Las variadas relaciones existentes entre las herencias socioculturales, los tipos de
modernidad, la identidad colectiva y los proyectos para el futuro conforman una de las
temáticas más discutidas de la actualidad latinoamericana y de mayor relevancia para la
evolución de la consciencia colectiva en el Nuevo Mundo.(29)
El legado ibero-católico ha sido negativo para América Latina en las esferas política,
institucional y económica a causa del caudillismo, del centralismo, de las pautas autoritarias
de comportamiento y de los hábitos prerracionales en el trabajo.
Disminución de la calidad de la vida en medio de los logros tangibles del desarrollo y del
progreso han ocasionado un difuso malestar con respecto a la modernidad (30)

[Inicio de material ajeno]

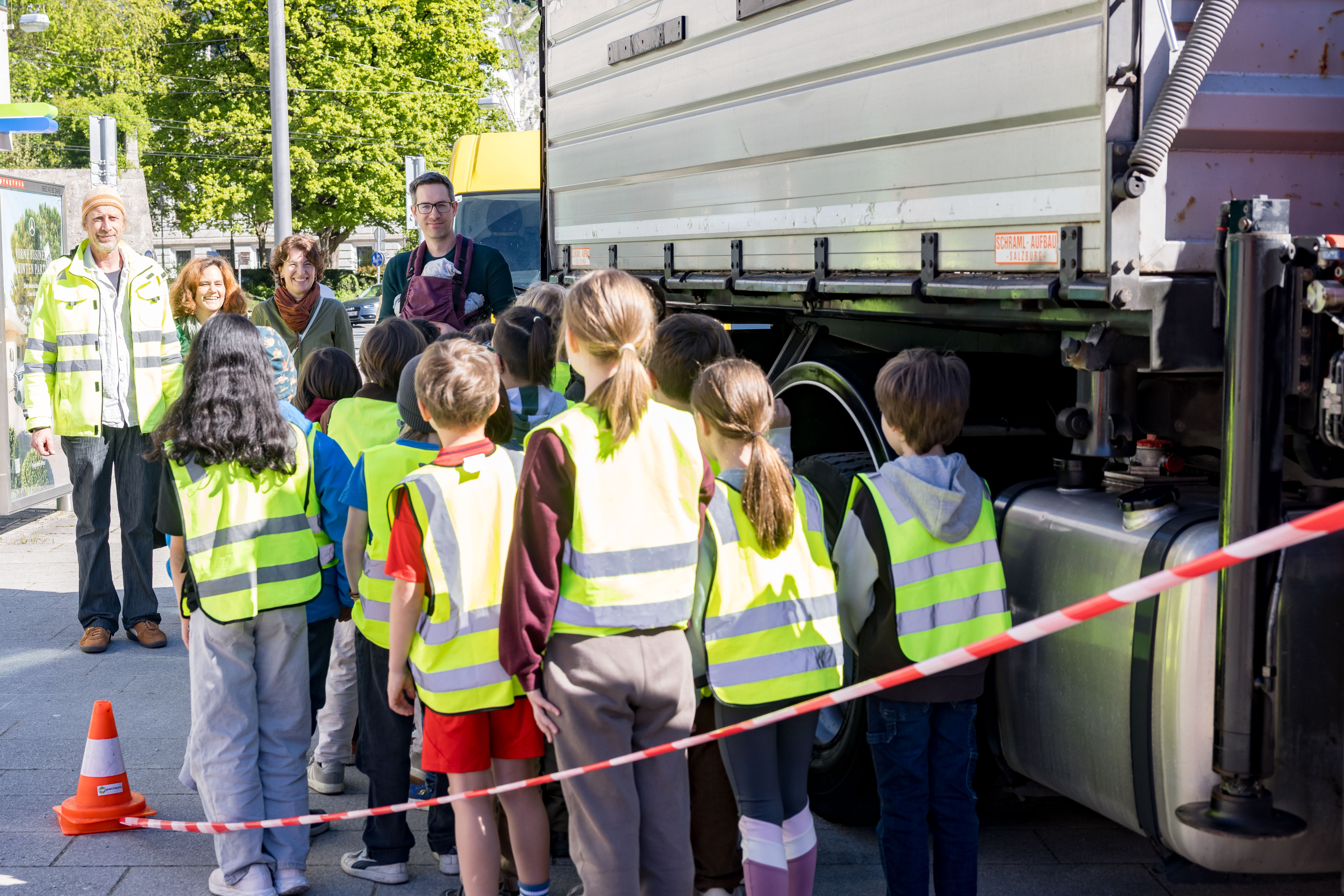Mit einem tonnenschweren Lkw hilft der städtische Bauhof, Volksschüler:innen anschaulich über Sicherheit im Straßenverkehr zu informieren

Un sistema civilizatorio preindustrial, preponderantemente rural, marcado por las reglas y
los valores de la religión y las costumbres no puestas en duda por el racionalismo, y
caracterizado por el vigor de los llamados lazos sociales primarios. Este orden tradicional
era el que dejó la colonización ibérica, orden que sobrevivió la independencia en muchos
terrenos y que había preservado importantes porciones del estilo de vida de las culturas
precolombinas. Lo que se percibe ahora es una actitud ambivalente frente a la modernidad,
sobre todo frente a la transformación de la vida cotidiana en algo sistemáticamente
ordenado y a la prevalencia omnímoda del principio de rendimiento; esta ambigüedad no
llega, empero, a poner la cultura moderna radicalmente en cuestión y busca más bien
combinarla con aspectos reputados como valiosos de la tradición premoderna.

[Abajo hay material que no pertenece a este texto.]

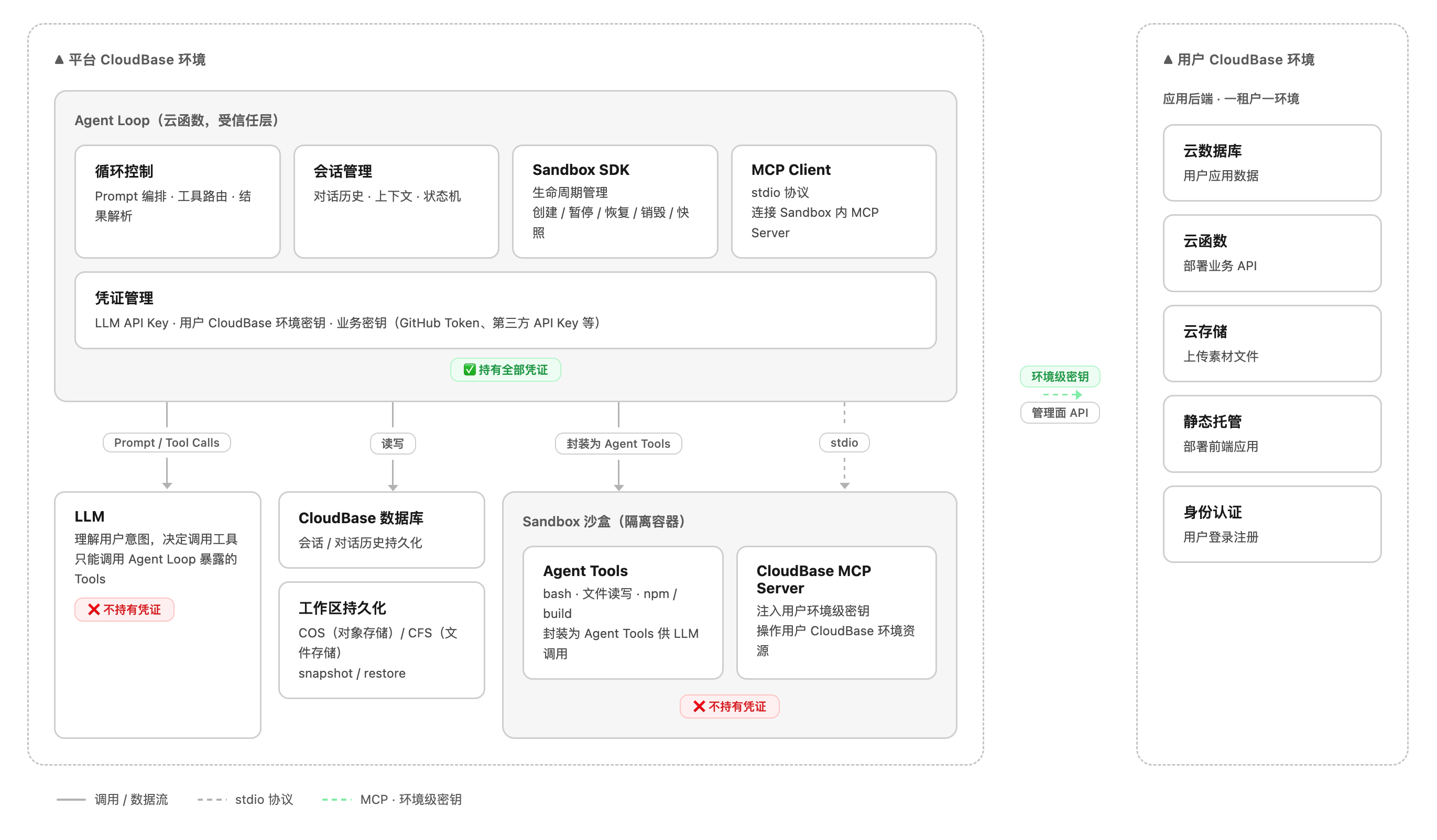 | 用户 CloudBase 环境密钥(SecretId / SecretKey) | 签发环境级临时密钥,注入 Sandbox 供 MCP 使用 |

La América Latina del presente como una amalgama entre la herencia ibérica (y, en medida
mucho más reducida, del legado precolombino) y las tendencias modernizantes derivadas
de la civilización industrial del Norte. Los elementos de la tradicionalidad misma no
conforman una todo homogéneo, sino fragmentos diversos y hasta dispares; lo rescatable
de algunos de ellos debe ser analíticamente separado de los demás aspectos que
constituyen la parte autoritaria, irracional y antidemocrática de la herencia prehispánica e
ibero-católica.
La visión de este pasado no es homogénea: las tradiciones culturales de América Latina han
sufrido las más diferentes interpretaciones y las valoraciones más extremas. Los ejercicios
exegéticos que siguen a continuación, que pueden distinguirse por un punto de vista
excéntrico, intentan cristalizar hipotéticamente lo positivo y valedero de las herencias
culturales premodernas para brindar algún consuelo al hombre actual en el Nuevo Mundo,
que ha quedado a la intemperie en el campo de los valores de orientación.
La falta de un impulso crítico en las tradiciones culturales
Desde el siglo XVI se puede constatar un relativo atraso filosófico, un estancamiento político
-institucional y un marcado desinterés de las instancias estatales por todo afán investigativo
en España y Portugal, sobre todo si se compara a estas naciones con los otros países de
Europa Occidental.
El ambiente cultural imperante en la península ibérica a partir del siglo XVI correspondió a
una marcada esterilidad en las actividades científicas y filosóficas, a una carencia de
elementos innovadores en el terreno de la organización socio-política y a una consolidación
de la cultura política del autoritarismo.
Cuando las naciones latinoamericanas ingresaron en la segunda mitad del siglo XX al arduo
camino de la modernización acelerada, lo hicieron copiando indiscriminadamente los
modelos ya existentes en los países del Norte, ofreciendo muy poca resistencia a sus
aspectos anti humanistas (y anti-estéticos).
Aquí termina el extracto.